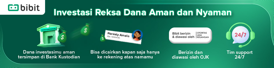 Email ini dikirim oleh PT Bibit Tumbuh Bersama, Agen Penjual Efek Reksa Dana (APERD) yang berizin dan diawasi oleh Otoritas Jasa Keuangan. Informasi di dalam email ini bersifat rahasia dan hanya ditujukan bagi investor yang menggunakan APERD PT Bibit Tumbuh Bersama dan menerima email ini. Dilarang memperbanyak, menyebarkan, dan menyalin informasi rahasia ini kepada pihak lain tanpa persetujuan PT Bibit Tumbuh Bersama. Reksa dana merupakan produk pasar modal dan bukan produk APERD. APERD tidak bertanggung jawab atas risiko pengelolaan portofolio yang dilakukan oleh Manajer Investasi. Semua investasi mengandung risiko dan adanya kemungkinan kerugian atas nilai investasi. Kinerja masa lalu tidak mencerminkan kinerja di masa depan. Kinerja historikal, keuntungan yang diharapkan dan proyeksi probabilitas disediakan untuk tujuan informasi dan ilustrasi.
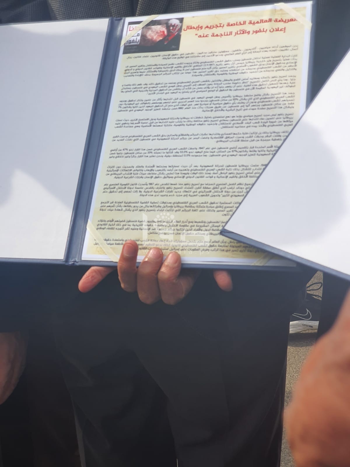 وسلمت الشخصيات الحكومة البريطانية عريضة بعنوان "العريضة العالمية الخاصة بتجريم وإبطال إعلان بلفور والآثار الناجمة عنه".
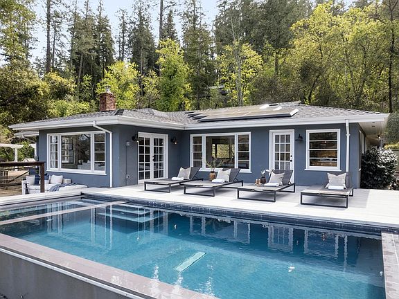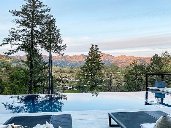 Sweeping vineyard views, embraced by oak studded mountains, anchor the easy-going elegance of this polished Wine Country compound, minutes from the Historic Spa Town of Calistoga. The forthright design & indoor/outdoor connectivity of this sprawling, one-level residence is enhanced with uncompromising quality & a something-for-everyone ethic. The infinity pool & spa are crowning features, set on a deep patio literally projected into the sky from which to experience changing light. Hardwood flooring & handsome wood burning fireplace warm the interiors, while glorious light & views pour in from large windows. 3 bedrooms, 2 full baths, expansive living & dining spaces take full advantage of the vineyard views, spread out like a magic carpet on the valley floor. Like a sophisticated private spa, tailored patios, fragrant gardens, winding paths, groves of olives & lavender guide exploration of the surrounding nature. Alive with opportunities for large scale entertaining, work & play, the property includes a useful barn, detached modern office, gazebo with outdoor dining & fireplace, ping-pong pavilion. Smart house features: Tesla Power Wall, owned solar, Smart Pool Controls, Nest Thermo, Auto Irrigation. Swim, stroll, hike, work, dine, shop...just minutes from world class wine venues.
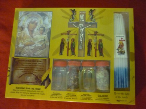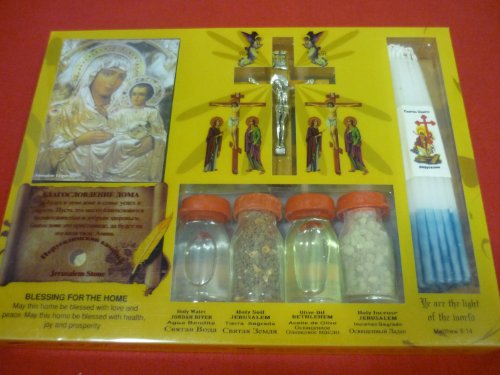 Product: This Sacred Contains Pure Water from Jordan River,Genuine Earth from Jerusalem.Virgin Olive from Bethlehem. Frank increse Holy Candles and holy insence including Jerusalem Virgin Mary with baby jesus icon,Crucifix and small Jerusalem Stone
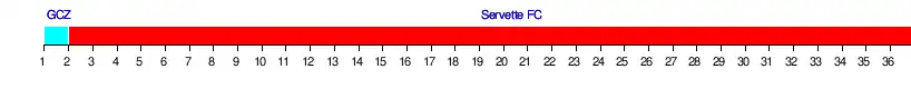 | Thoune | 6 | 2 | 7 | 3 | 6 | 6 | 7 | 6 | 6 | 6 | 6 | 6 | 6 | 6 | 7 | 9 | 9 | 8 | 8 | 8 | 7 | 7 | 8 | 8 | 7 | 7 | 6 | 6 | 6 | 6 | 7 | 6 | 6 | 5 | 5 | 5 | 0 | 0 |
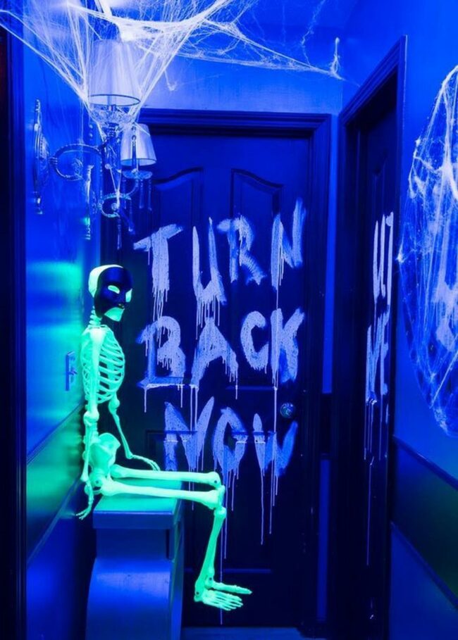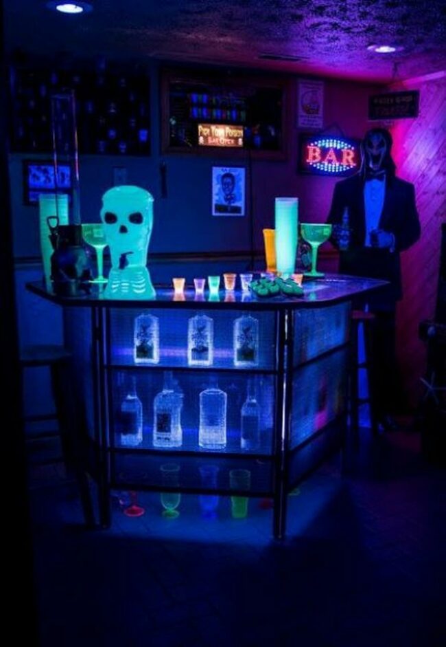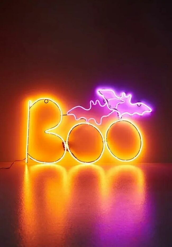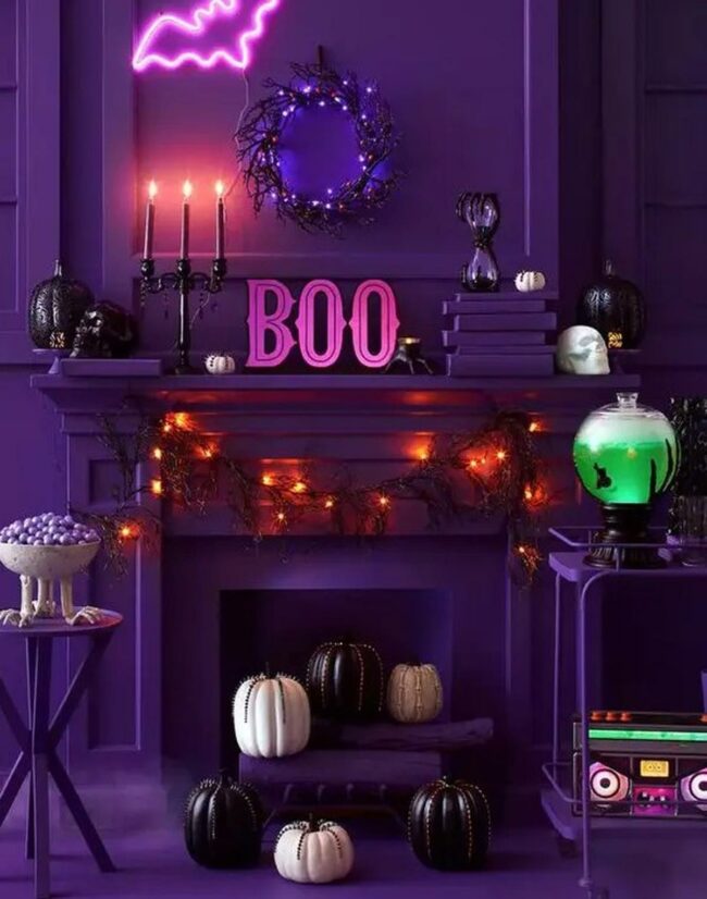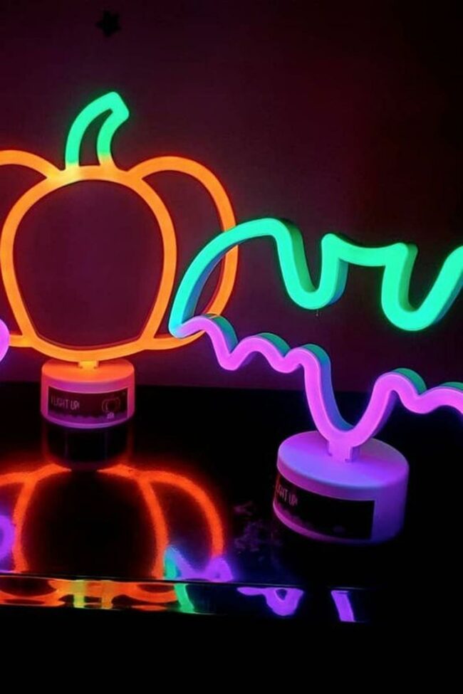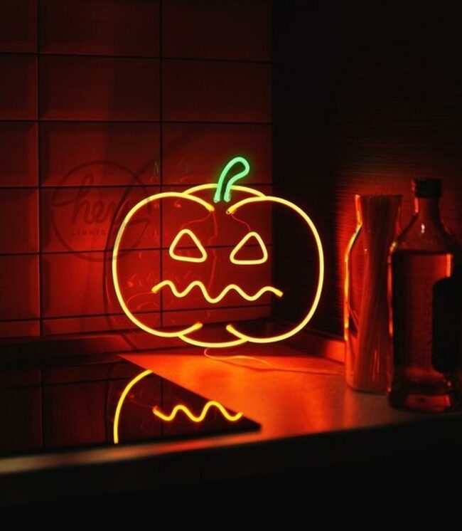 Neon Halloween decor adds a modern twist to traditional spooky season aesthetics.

**How to complete this task**
The range to transcribe runs from the line holding "Thoune | 6 |" through the final line of the data above; copy it exactly and exclude the pictures.

**Result for this task**
 | Thoune | 6 | 2 | 7 | 3 | 6 | 6 | 7 | 6 | 6 | 6 | 6 | 6 | 6 | 6 | 7 | 9 | 9 | 8 | 8 | 8 | 7 | 7 | 8 | 8 | 7 | 7 | 6 | 6 | 6 | 6 | 7 | 6 | 6 | 5 | 5 | 5 | 0 | 0 |
 Neon Halloween decor adds a modern twist to traditional spooky season aesthetics.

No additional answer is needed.